Design, Development, and Deployment of Context-Adaptive AI Systems for Enhanced End-User Adoption
Christine P Lee
TL;DR
The paper addresses the gap between rapid AI/ML capability and end-user adoption by proposing context-adaptive AI systems deployed across disembodied and embodied forms. It outlines a three-stage research program—design, development, deployment—anchored in user-centered methods, including a co-design tool (DeX-AI) and a PL-based, safety-guaranteed robotic AI capable of conflict detection, alternative solutions, and explanations. Key contributions include the DeX-AI design cards for end-user-driven explanations and a PL-methods-based autonomous robot system with automated repair and explainability, along with an explicit plan to integrate RLHF, formal verification, and XAI in future work. The work aims to produce practical tools and guidelines that enhance trust, transparency, and adoption of AI in real-world settings, from workplaces to homes.
Abstract
My research centers on the development of context-adaptive AI systems to improve end-user adoption through the integration of technical methods. I deploy these AI systems across various interaction modalities, including user interfaces and embodied agents like robots, to expand their practical applicability. My research unfolds in three key stages: design, development, and deployment. In the design phase, user-centered approaches were used to understand user experiences with AI systems and create design tools for user participation in crafting AI explanations.

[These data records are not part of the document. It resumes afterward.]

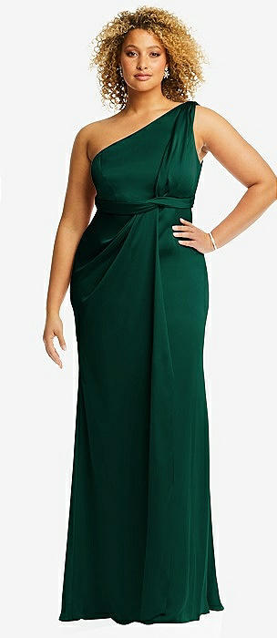 One-Shoulder Draped Twist Empire Waist Trumpet Gown in hunter green
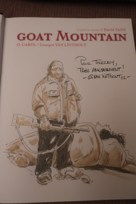 C’est à l’occasion d’une séance de dédicaces à la libraire la traversée à Verviers que j’ai eu l’occasion de rencontrer les auteurs du label le chaînon manquant et notamment Georges Van Linthout auteur du dernier Goat Mountain.
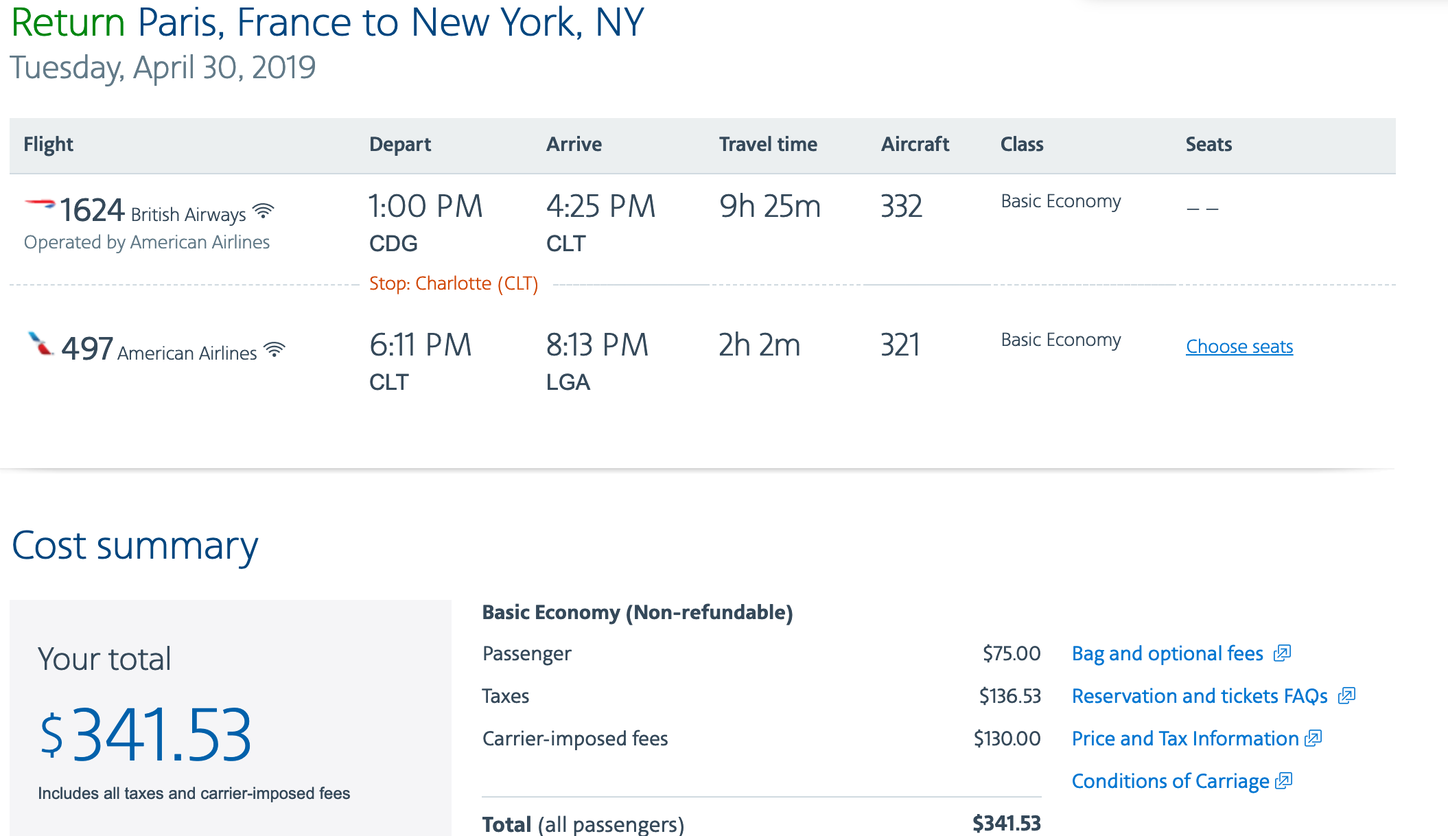New York City (JFK) to Paris (CDG) for $341 round-trip on American Airlines in April:
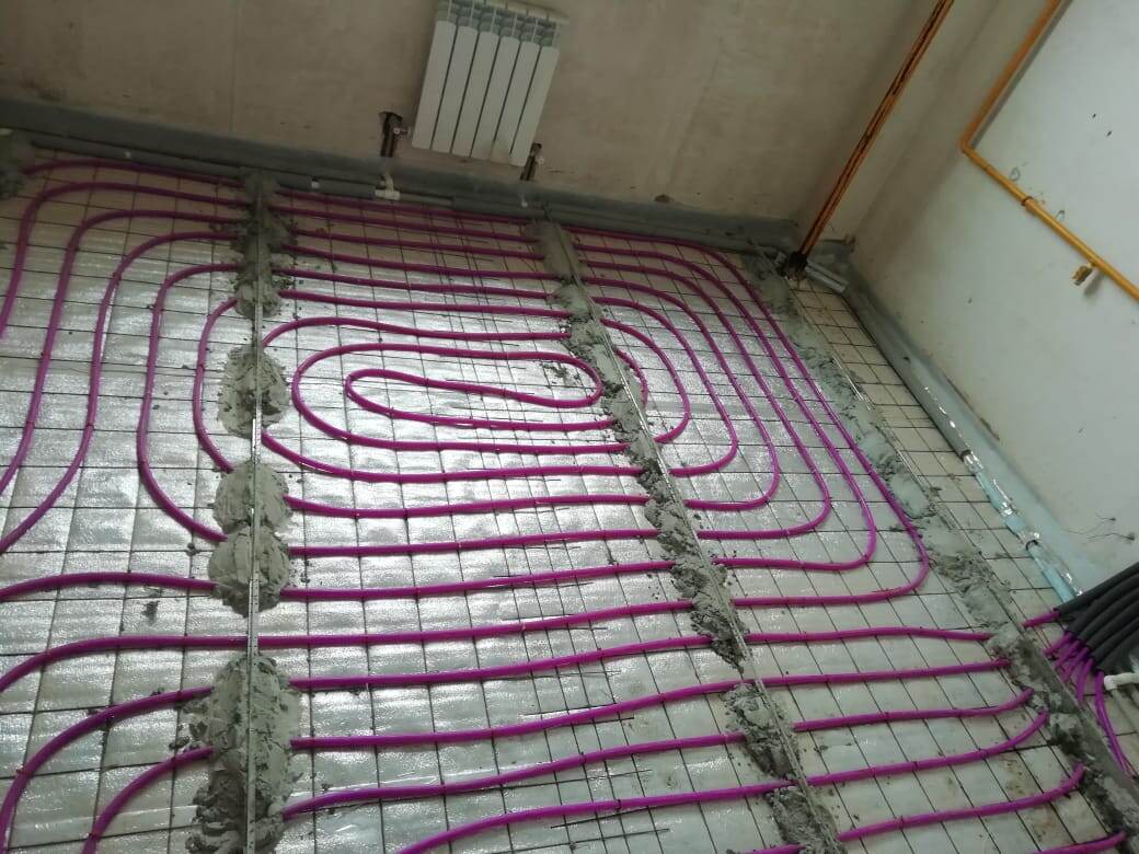Стяжку на полу решено было делать самим. Мне как всегда с ремонтом квартиры помогает мой брат. Стяжку пола в кухне прихожей и санузле решено было подогнать по высоте к стяжке пола в комнате, чтобы не было перепадов высот напольного покрытия. В интернете советовали заливать стяжку одним слоем во всех помещениях сразу, вроде как тогда будет меньше трещин. У друга позаимствовали лазерный уровень для упрощения установки маяков. Подсмотрев все в том же интернете как устанавливать маяки на пол за вечер все было сделано. Оставалось дождаться высыхания маяков и можно заливать стяжку. Заливать стяжку решено было начать с кухни, потом перейти в санузел и в конце только коридор. Договорился с братом, что он будет мешать раствор, а я буду заливать и выравнивать. Для прочности бетона была приобретена фибра, которая будет добавляться при замесе. Исходя из того объема стяжки которая была снята был куплен песок и цемент из пропорции один мешок цемента на три мешка песка, вышло 11 мешков цемента

In the ongoing development stage, a safety-guaranteed AI system for a robot agent was created to automatically provide adaptive solutions and explanations for unforeseen scenarios. The next steps will involve the implementation and evaluation of context-adaptive AI systems in various interaction forms. I seek to prioritize human needs in technology development, creating AI systems that tangibly benefit end-users in real-world applications and enhance interaction experiences.